In [1]:
import pandas as pd
import numpy as np
from statsmodels.tsa.arima.model import ARIMA
import pmdarima as pm
from sklearn.ensemble import RandomForestRegressor
from sklearn.model_selection import TimeSeriesSplit, ParameterGrid, GridSearchCV
from sklearn.metrics import mean_squared_error
from tqdm import tqdm

In [2]:
import warnings
warnings.filterwarnings("ignore", category=RuntimeWarning)


In [9]:
# Load your dataset (replace this with your actual dataset loading code)
# For example, assuming you have a CSV file 'your_dataset.csv'
dataset = pd.read_csv('BTC-USD.csv')

# Assuming you have columns like 'Date', 'Low', and 'High'
# Make sure to preprocess your data accordingly

# Function to train ARIMA model
def train_arima(train_data, order):
    model = ARIMA(train_data, order=order)
    fitted_model = model.fit()
    return fitted_model

# Function to make ARIMA predictions
def arima_predict(model, start, end):
    predictions = model.predict(start=start, end=end, typ='levels')
    return predictions

# Function to perform time series cross-validation for ARIMA
def time_series_cross_validation_arima(data, order, n_splits=5):
    tscv = TimeSeriesSplit(n_splits=n_splits)
    rmse_scores = []

    for train_index, test_index in tscv.split(data):
        train_data, test_data = data[train_index], data[test_index]

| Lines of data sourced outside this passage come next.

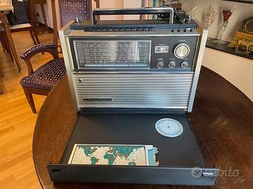 Radio vintage fine anni '60 primi '70 funzionante. Peso circa 10 Kg. Unici problemi: la lampadina scala è bruciata all'antenna di destra mancano dei segmenti.
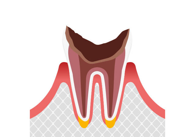 この状態まで進行すると、歯の神経があった部分(部屋)に感染を起こして根っこの先に膿をためることもあります。
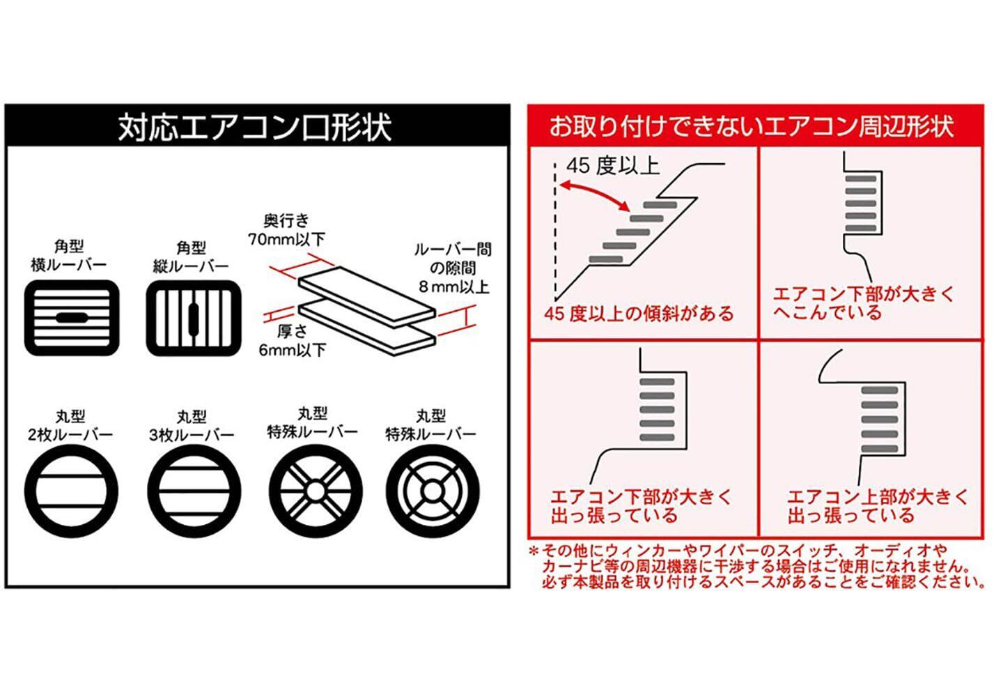 ●エアコンクリップは3種類の長さから選べ、角型ルーバーから丸型ルーバーまで幅広く対応します。
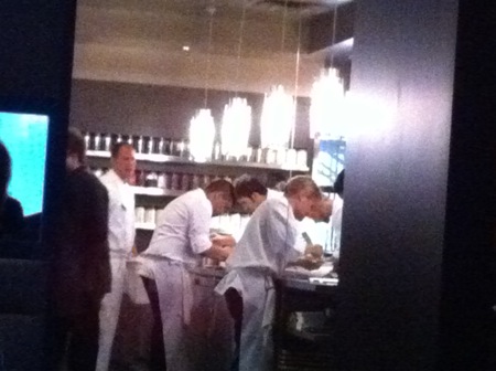 When making reservations at Next, you have the option of booking the “kitchen table” for six, which isn’t in the kitchen, but just outside it, separated by a glass wall:
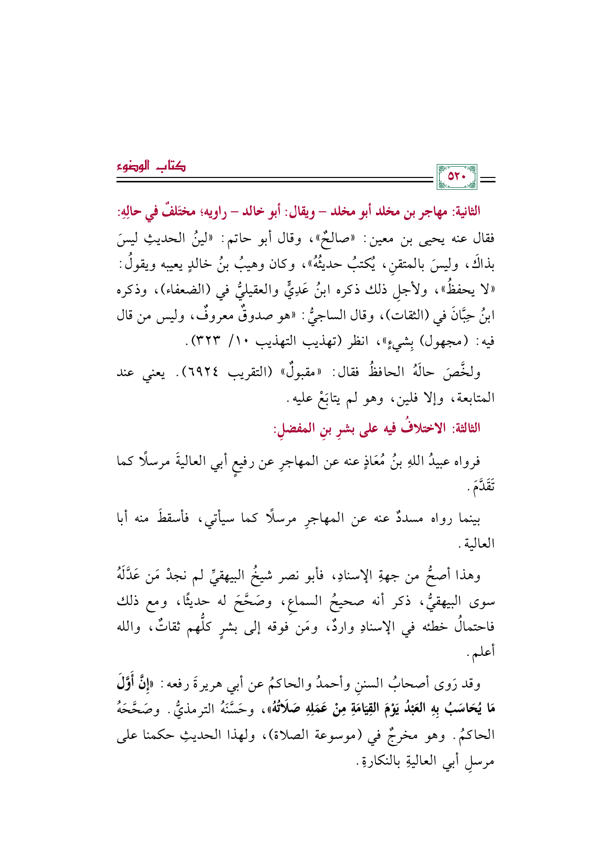 وقد رَوى أصحابُ السننِ وأحمدُ والحاكمُ عن أبي هريرةَ رفعه: «إِنَّ أَوَّلَ مَا يُحَاسَبُ بِهِ العَبْدُ يَوْمَ القِيَامَةِ مِنْ عَمَلِهِ صَلَاتُهُ»، وحَسَّنَهُ الترمذيُّ. وصَحَّحَهُ الحاكمُ. وهو مخرجٌ في (موسوعة الصلاة)، ولهذا الحديثِ حكمنا على مرسلِ أبي العاليةِ بالنكارةِ.
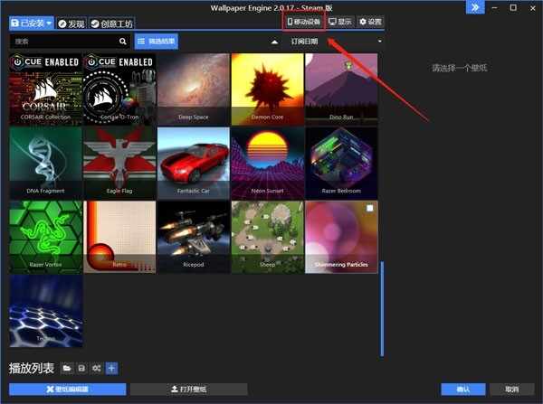 1、在Windows上的WallpaperEngine中单击新的移动设备按钮,然后选择连接新设备。
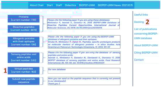 Screenshot of the current homepage of the BIOPEP-UWM database. (1) BIOPEP-UWM Virtual tab; (2) links to programs for molecular docking.
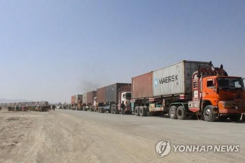 아프간으로 이동하기 위해 파키스탄 국경서 대기 중인 트럭. |
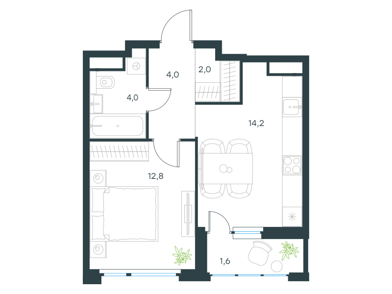 Однокомнатная квартира, 38.6 кв. м
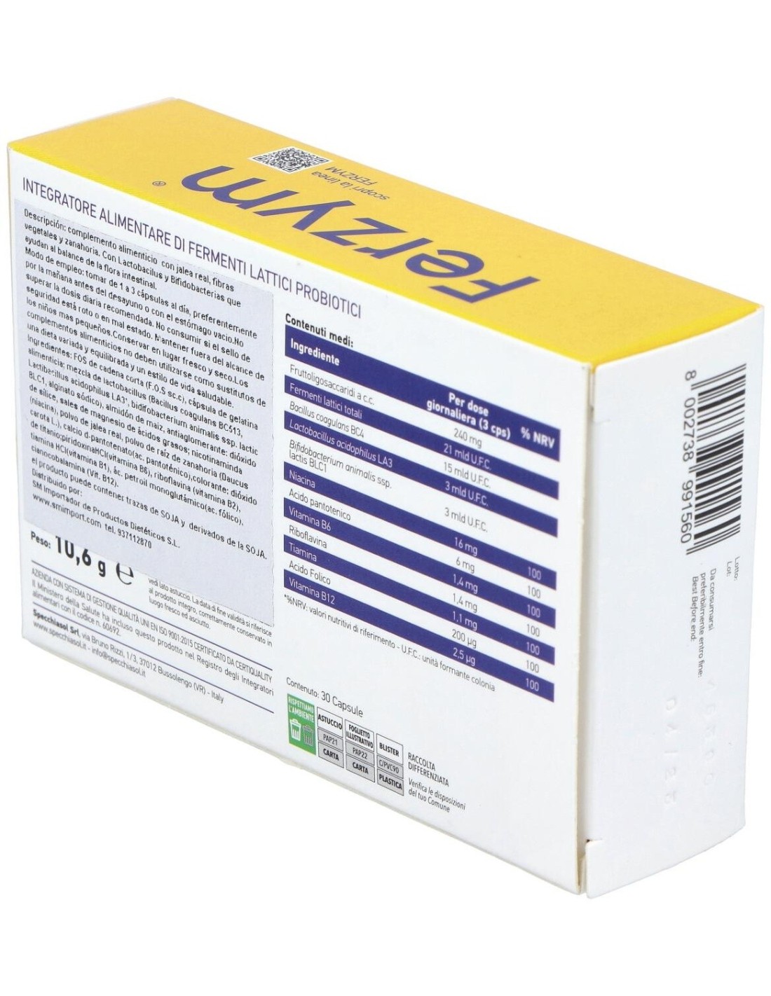 Frutooligosacáridos de cadena corta (F.O.S.c.c), cápsula de gelatina alimenticia:almidón de maíz: mezcla de fermentos lácticos (Bacillus coagulans snz 1969 (DSM BCCM/LMG S-27484) Lactobacillus acidophilus LA3(/DSM 17742), Bifidobacterium animalis ssp. lactis BLC1 (DSM 17741): antiaglomerantes: dióxido de sílicio, sales de magnesio de ácidos grasos: nicotimanima (niacina): calcio D pantotenato (ácido pantoténico): clorhidrato de piridoxina (vitamina B6), riboflaniva (vitamina B2) clorhidrato de tiamina (vitamina B1), alginato de sodio, ácido pteroil monoglutámico (ácido fólico), cianocobalamina (Vitamina B12).
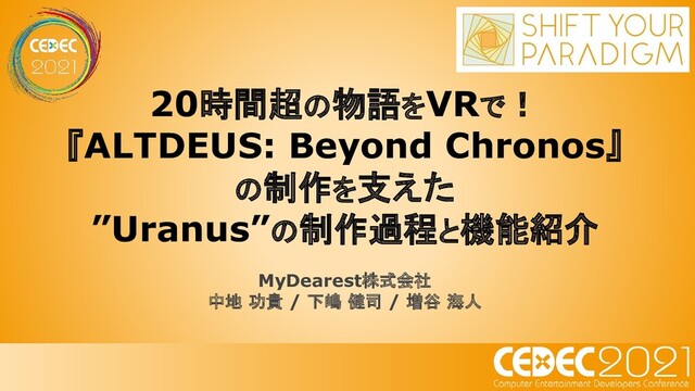 20時間超の物語をVRで!『ALTDEUS: Beyond Chronos』の制作を支えた”Uranus”の制作過程と機能紹介 https://cedec.cesa.or.jp/2021/session/detail/s6058637b527da
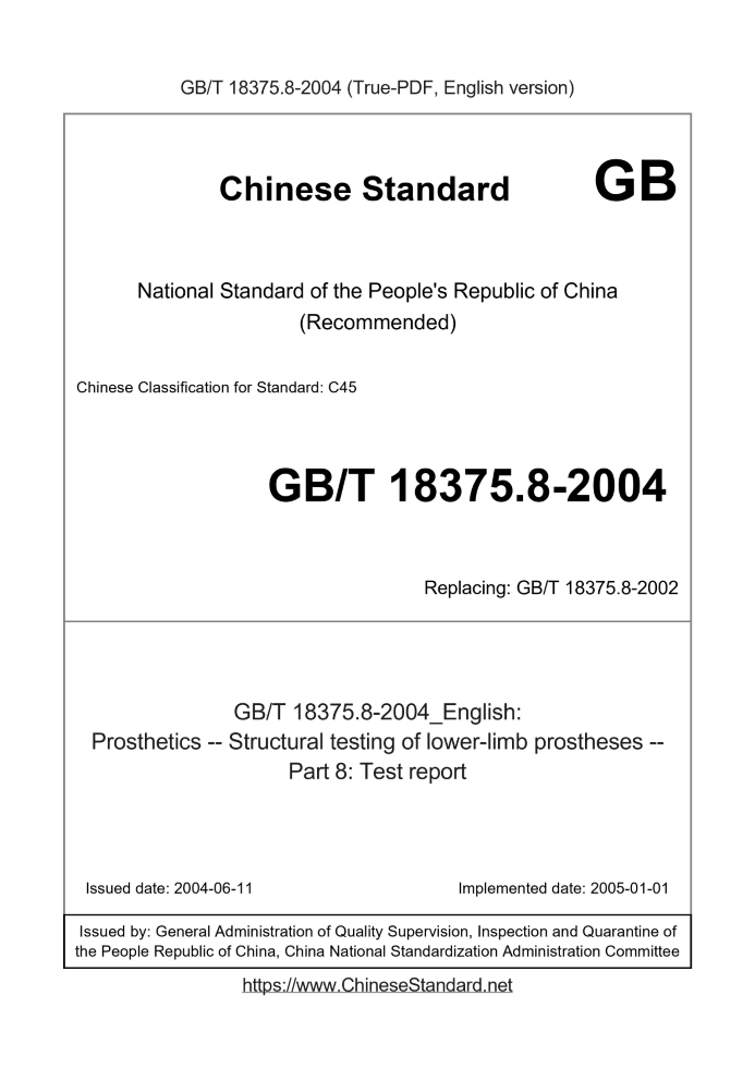 GB/T 18375.8-2002RFQ ASK 3 days Prosthetics-Structural testing of lower-limb prostheses-Part 8: Test report
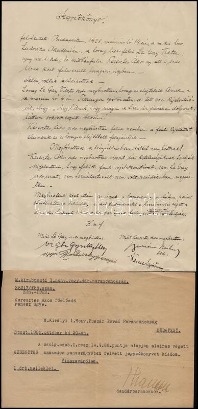 Leírás: 1917-1928 Vegyes okmány tétel: 2 db párbaj jegyzőkönyv, szolgálati jegy, jegyzőkönyv kiadásáról igazolás, stb.
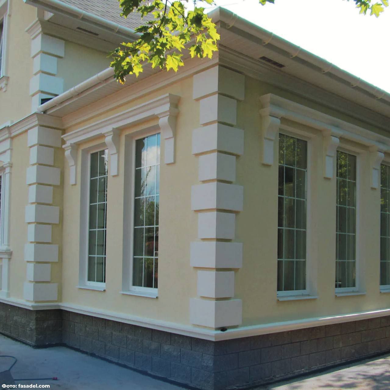 Этот элемент украшения фасада сразу привлекает внимание. Он делает облик здания солидным и надёжным.
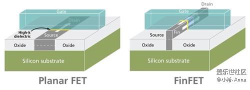 其實早在10多年前,就有人提出FinFET這個結(jié)構(gòu),FinFET主要重新設(shè)計了晶體管里面的S/D兩級以及最為關(guān)鍵的Gate結(jié)構(gòu)(什么是S/D/Gate今天不說,不然文章起碼要多2000字),讓Gate對通/斷的控制力更強,也就是在更先進(jìn)的制程節(jié)點上,減少S/D兩級之間的漏電流,而漏電流會直接影響處理器的功耗。而驍龍810的20nm HKMG工藝,就是Gate控制力低下(對于20nm節(jié)點),導(dǎo)致漏電問題嚴(yán)重,所以發(fā)熱以及功耗得不到良好的控制。
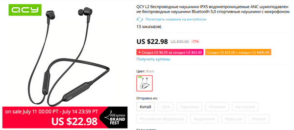 На QCY L2 также очень большая скидка. А они интересные - водонепроницаемые, долгоиграющие и еще и с активным шумодавом: я их уже купил поизучать.
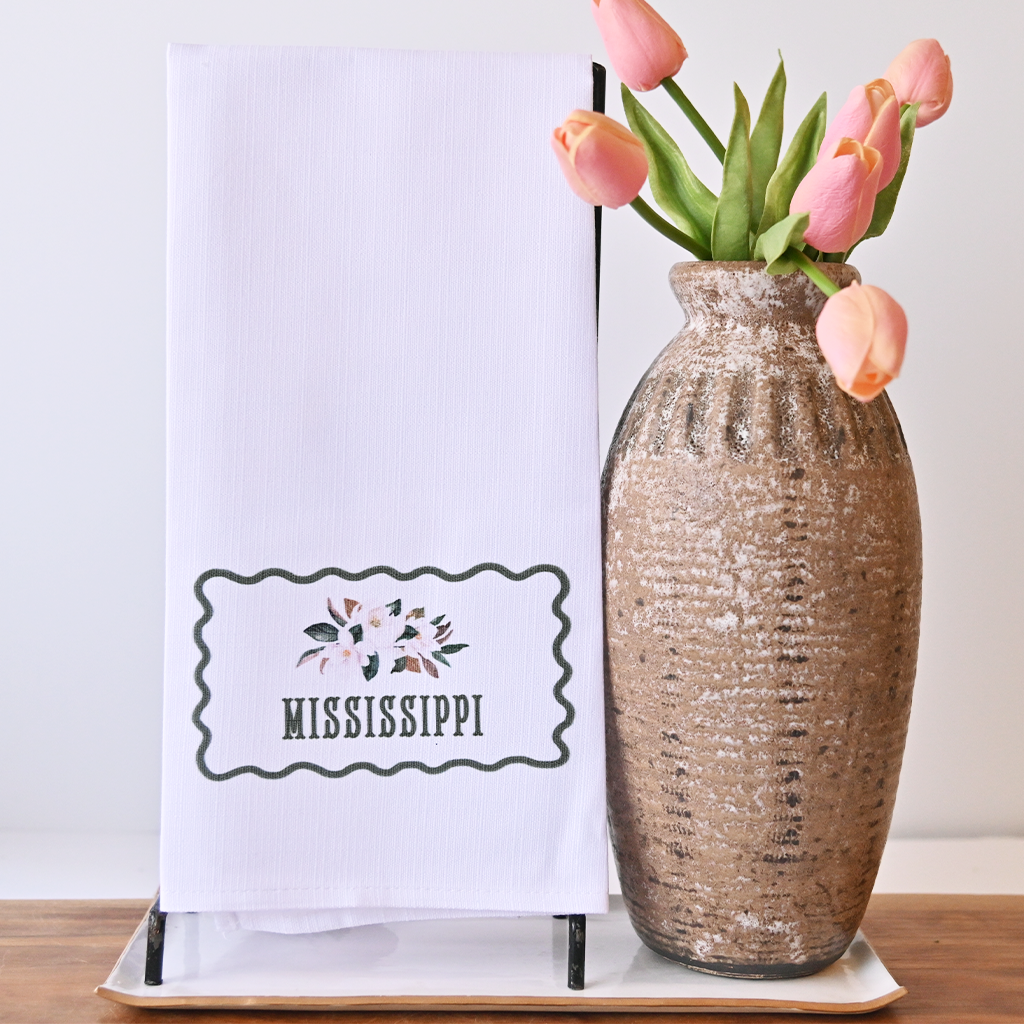 Featuring classic magnolia motifs inspired by Mississippi's natural beauty, this hand towel brings Southern charm to everyday moments. The soft, absorbent fabric is gentle on hands while remaining tough enough for repeated use. Whether displayed on a towel rack or tucked beside your sink, it's both functional and decorative.
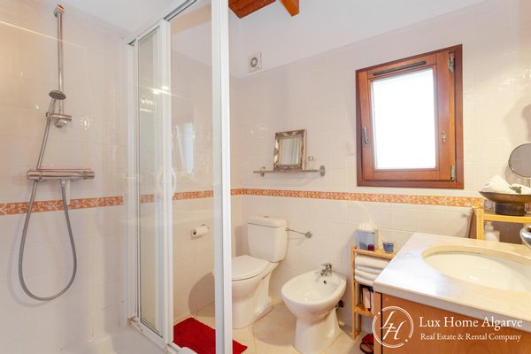 Diese elegante Villa mit drei Schlafzimmern und drei Badezimmern befindet sich in Alma Verde, einer ruhigen Wohnanlage auf dem Land von Barão de São Miguel, nur fünf Autominuten vom berühmten Fischerort Burgau entfernt. Auf einem großzügigen Grundstück von 595 m² mit einer Gesamtbaufläche von 207 m² bietet die Immobilie das perfekte Gleichgewicht zwischen modernem Komfort und dem Charme des Lebens an der Algarve. Renoviert im Jahr 2023 profitiert die Villa von zeitgenössischen Updates, behält aber ihren einladenden Charakter. Fast alle Fenster sind mit Mückenschutz ausgestattet, und die Immobilie verfügt zudem über ein Coolhouse-Kühlungssystem, das für eine angenehme, energieeffiziente Innenraumtemperatur im Sommer sorgt. Die geräumigen Innenräume schaffen eine freundliche Umgebung für den Alltag, während der Grundriss sich perfekt für die Gästebewirtung eignet. Ein beheizter privater Pool bildet das Herz des Außenbereichs, umgeben von Terrassen, die ideal sind, um die Sonne zu genießen und Mahlzeiten im Freien unter der Algarve-Sonne zu genießen. Die Immobilie umfasst außerdem eine sichere Garage mit integrierter Waschküche und Dachboden, die zusätzlichen Komfort und Funktionalität bietet. Alma Verde ist bekannt für seine ruhige und natürliche Umgebung und macht dieses Haus zu einer idealen Zuflucht für alle, die Ruhe auf dem Land suchen, ohne sich von der Küste zu entfernen. Ergänzend zu seinem Lifestyle-Reiz ist die Villa mit einem Energiespar- und Wassersystem (Smart Home) ausgestattet, das eine nachhaltige Dimension und Kostenoptimierung bietet. Ob als Hauptwohnsitz oder als saisonale Vermietungsinvestition – diese Immobilie verbindet Privatsphäre, Funktionalität und eine privilegierte Lage und bietet das Beste des Algarve-Lifestyles nur wenige Minuten von den schönsten Stränden der Region.

        # Train ARIMA model
        arima_model = train_arima(train_data, order)

        # Make ARIMA predictions
        arima_preds = arima_predict(arima_model, start=len(train_data), end=len(train_data) + len(test_data) - 1)

        # Calculate RMSE for this fold
        rmse = np.sqrt(mean_squared_error(test_data, arima_preds))
        rmse_scores.append(rmse)

    return np.mean(rmse_scores)

# Function to train Random Forest model
def train_random_forest(X_train, y_train, optimal_params):
    rf_model = RandomForestRegressor(**optimal_params, random_state=42)
    rf_model.fit(X_train, y_train)
    return rf_model

# Function to make Random Forest predictions
def random_forest_predict(model, X_test):
    predictions = model.predict(X_test)
    return predictions

# Function to perform time series cross-validation for Random Forest
def time_series_cross_validation_rf(X, y, optimal_params, n_splits=5):
    tscv = TimeSeriesSplit(n_splits=n_splits)
    rmse_scores = []

    for train_index, test_index in tscv.split(X):
        X_train, X_test = X[train_index], X[test_index]
        y_train, y_test = y[train_index], y[test_index]

        # Train Random Forest model
        rf_model = train_random_forest(X_train, y_train, optimal_params)

        # Make Random Forest predictions
        rf_preds = random_forest_predict(rf_model, X_test)

        # Calculate RMSE for this fold
        rmse = np.sqrt(mean_squared_error(y_test, rf_preds))
        rmse_scores.append(rmse)

    return np.mean(rmse_scores)

# Combine ARIMA and Random Forest predictions
def hybrid_predict(arima_preds, rf_preds, arima_weight=0.5):
    hybrid_preds = arima_weight * arima_preds + (1 - arima_weight) * rf_preds
    return hybrid_preds

# Use auto_arima to find optimal ARIMA orders
arima_order_low = pm.auto_arima(dataset['Low'], seasonal=False).order
arima_order_high = pm.auto_arima(dataset['High'], seasonal=False).order

# Perform time series cross-validation for ARIMA
cv_rmse_arima_low = time_series_cross_validation_arima(dataset['Low'].values, arima_order_low)
cv_rmse_arima_high = time_series_cross_validation_arima(dataset['High'].values, arima_order_high)
print(f'ARIMA Cross-Validation RMSE for Low: {cv_rmse_arima_low}')
print(f'ARIMA Cross-Validation RMSE for High: {cv_rmse_arima_high}')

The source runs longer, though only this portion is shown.